Data segment ->
++++++++

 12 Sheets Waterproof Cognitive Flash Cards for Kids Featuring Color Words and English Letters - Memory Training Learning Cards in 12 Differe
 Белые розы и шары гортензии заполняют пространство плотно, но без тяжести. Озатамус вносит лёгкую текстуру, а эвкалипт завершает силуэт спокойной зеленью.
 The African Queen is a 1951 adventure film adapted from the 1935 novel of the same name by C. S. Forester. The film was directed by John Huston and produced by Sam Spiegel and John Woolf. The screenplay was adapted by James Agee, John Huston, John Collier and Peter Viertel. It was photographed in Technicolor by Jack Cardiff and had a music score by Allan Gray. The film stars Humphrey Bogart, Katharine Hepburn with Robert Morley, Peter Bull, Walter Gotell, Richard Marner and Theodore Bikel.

++++++++

Try it -> What you copy should begin at the line with "Белые розы и" and end at the final line of the listing, each line exactly as it is.

Solution to this problem ->
 Белые розы и шары гортензии заполняют пространство плотно, но без тяжести. Озатамус вносит лёгкую текстуру, а эвкалипт завершает силуэт спокойной зеленью.
 The African Queen is a 1951 adventure film adapted from the 1935 novel of the same name by C. S. Forester. The film was directed by John Huston and produced by Sam Spiegel and John Woolf. The screenplay was adapted by James Agee, John Huston, John Collier and Peter Viertel. It was photographed in Technicolor by Jack Cardiff and had a music score by Allan Gray. The film stars Humphrey Bogart, Katharine Hepburn with Robert Morley, Peter Bull, Walter Gotell, Richard Marner and Theodore Bikel.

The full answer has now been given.